MUNACA members receive two forms of salary increases. The first increase compensates for inflation. The second, called a step increase, is when employees do not get their full salary when they first get the job, instead agreeing to receive a 2.97 per cent increase yearly, capped at 12 years—when employees would reach the maximum salary set by the CA. McGill has proposed a reduction of the step increase to 1.97 per cent and a lower top salary.

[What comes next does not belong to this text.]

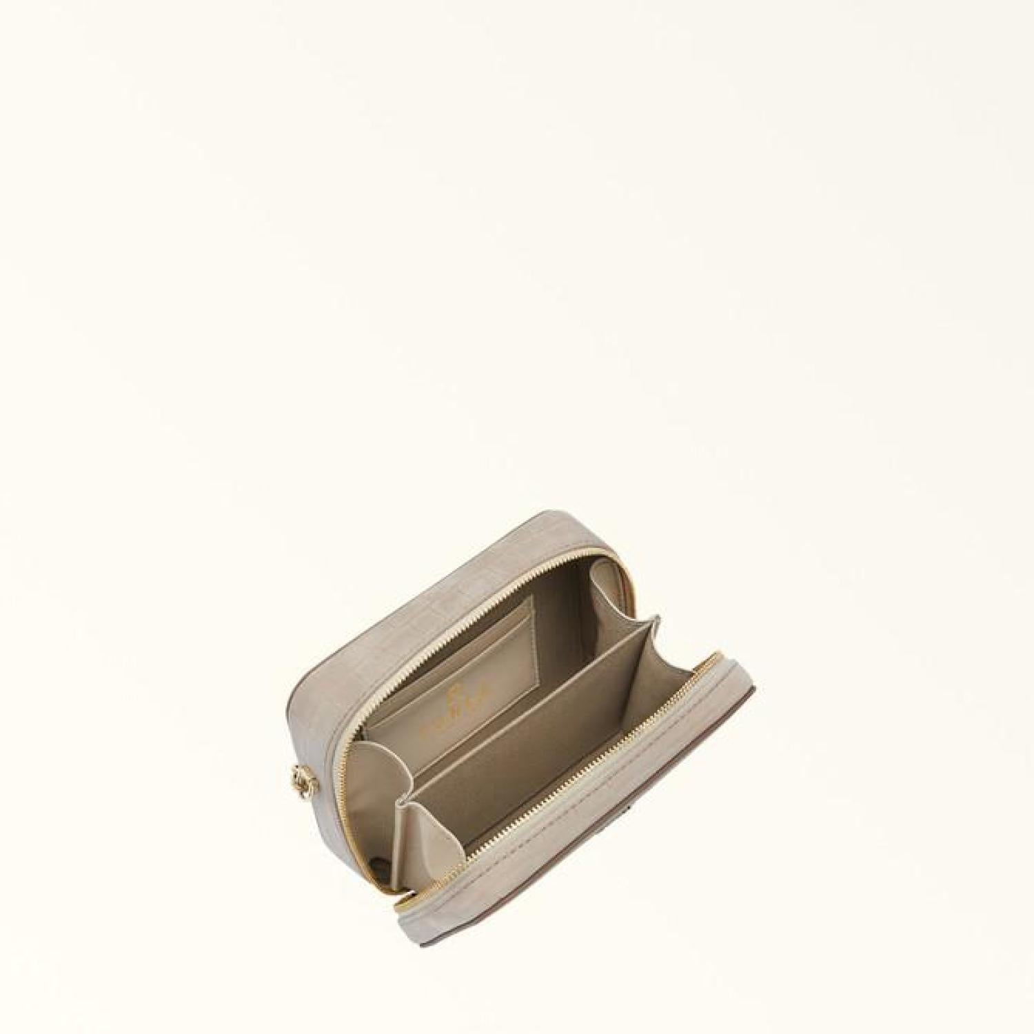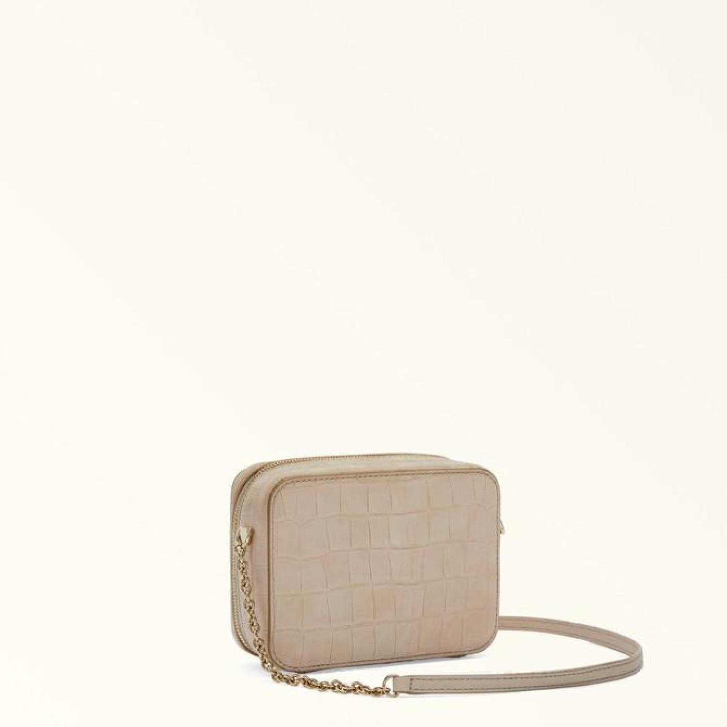 • For your trips into the city, the Furla Camelia camera case is the perfect choice. Its small size makes it the ideal companion, whether it is worn crossbody or over the shoulder, and the leather panel on the chain strap adds a shimmering touch to the casual elegance and velvety allure of the luxurious crocodile-effect print nubuck leather.

According to MUNACA representatives, the proposal would result in members earning less money per year, and step increases being eliminated for those who have reached the newly proposed top salary—even if they were scheduled to receive more according to the previous CA. McGill has stated that the pay decreases will allow the university to raise the base salary of lower-earning MUNACA members. Thomas Chalmers, MUNACA president, told The McGill Tribune that it was these measures that prompted MUNACA members to vote on a strike mandate.
“The disrespect has to stop,” Chalmers said. “If not, then the ultimate tool we have is a strike mandate [….] It’s a misnomer that unions want to go on strike: They don’t. It’s disruptive, it’s difficult, but at times, and this is one of them, it’s the right thing to do, to stand up and say you can’t treat us like shit.”

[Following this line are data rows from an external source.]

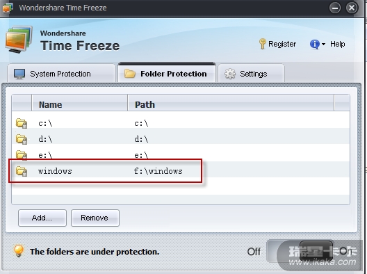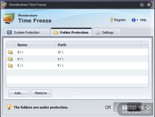 2、Wondershare Time Freeze的“文件夹保护”状态。可以将非系统分区作为文件夹完整地保护起来。
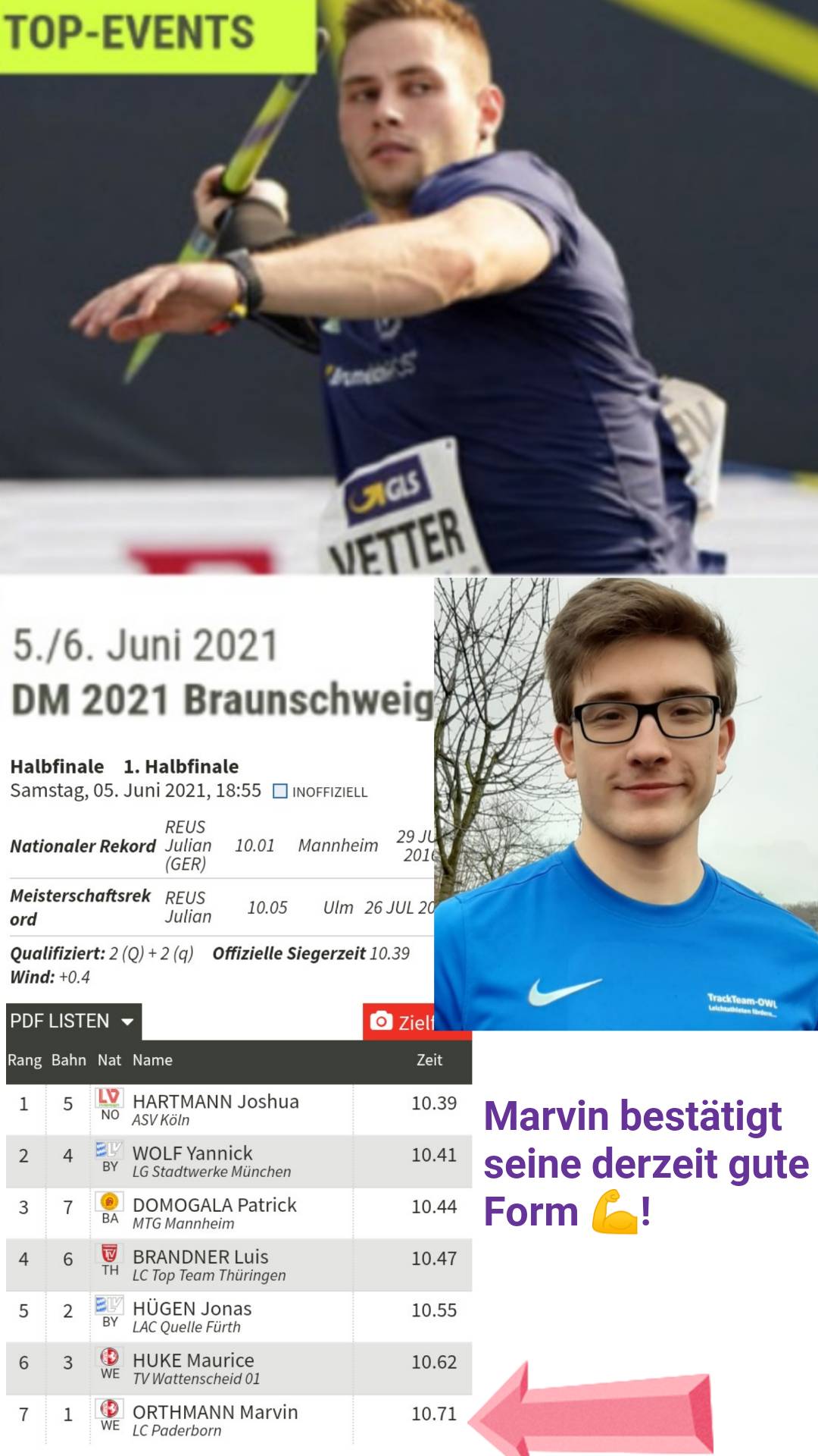 Marvin Orthmann (LC Paderborn) zeigte die erforderliche Nervenstärke. Als NK1 U20-Kaderathlet wurde er für die „großen“ Deutschen Meisterschaften, die – wie im letzten Jahr – im Rahmen der Finals in Braunschweig durchgeführt wurden, zugelassen. Mit der schwächsten Leistung gemeldet konnte sein Ziel natürlich nur lauten, sich bestmöglich zu präsentieren und seine Bestleistung (10.63 Sekunden) anzugreifen. Letzteres gelang nicht; als Letzter seines Vorlaufs erreichte er reguläre 10.71 Sekunden und belegte in der Gesamtwertung den 18. Platz.
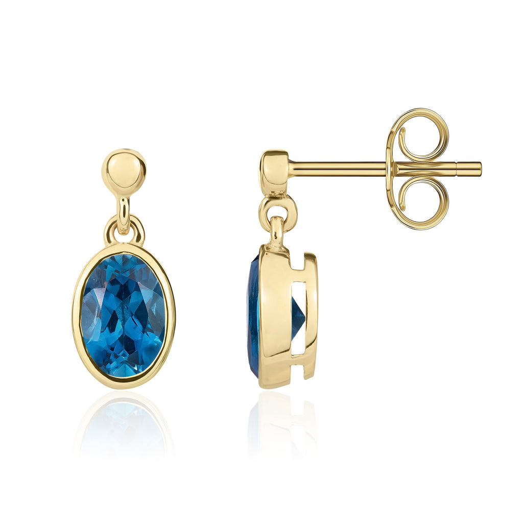 9CT Yellow Gold Oval London Blue Topaz Drop Earrings 7x5mm

Nancy Crowe, MUNACA vice-president labour relations, believes McGill’s justification—compromising certain MUNACA members’ salary increases for lower-earners—is unfair, and ultimately unbelievable, considering how well some top McGill administrators are paid.
“There were decisions made to pay Suzanne [Fortier] and not others,” Crowe said. “Their priority becomes clear.” Fortier was paid over $860,000 dollars last year.
In a statement to The McGill Tribune, Frédérique Mazerolle, a McGill media relations officer, stated that the university believes its offer to MUNACA employees is fair and covers inflation by allowing for an average salary increase of 21 per cent over the 5 year period the new CA would cover.
“In January 2022, discussions continued, now in the presence of a conciliator [and] on March 10, 2022, McGill presented its latest offer,” Mazerolle wrote. “Despite this, on March 28, 2022, the McGill administration was informed that the union will seek a strike mandate from its members.”
Chalmers, however, believes that McGill’s proposed changes are dishonest and that the step increase is not a salary increase because employees will earn less than a full salary when they begin working.
“You don’t get paid the amount of the position right away, you have to go through these steps to get to the value of that position,” Chalmers said. “We understand that it takes time for people to learn the job […] but it’s disingenuous to say that you’re covering inflation.”
Floor fellows, represented by AMUSE, went on strike for similar reasons; however, AMUSE President James Newman cited that a lack of respect was also a central reason.
“What it came down to was an issue of respect. Throughout the negotiations there was a very strong lack of it,” Newman said. “You can see they’re doing the exact same thing to MUNACA.”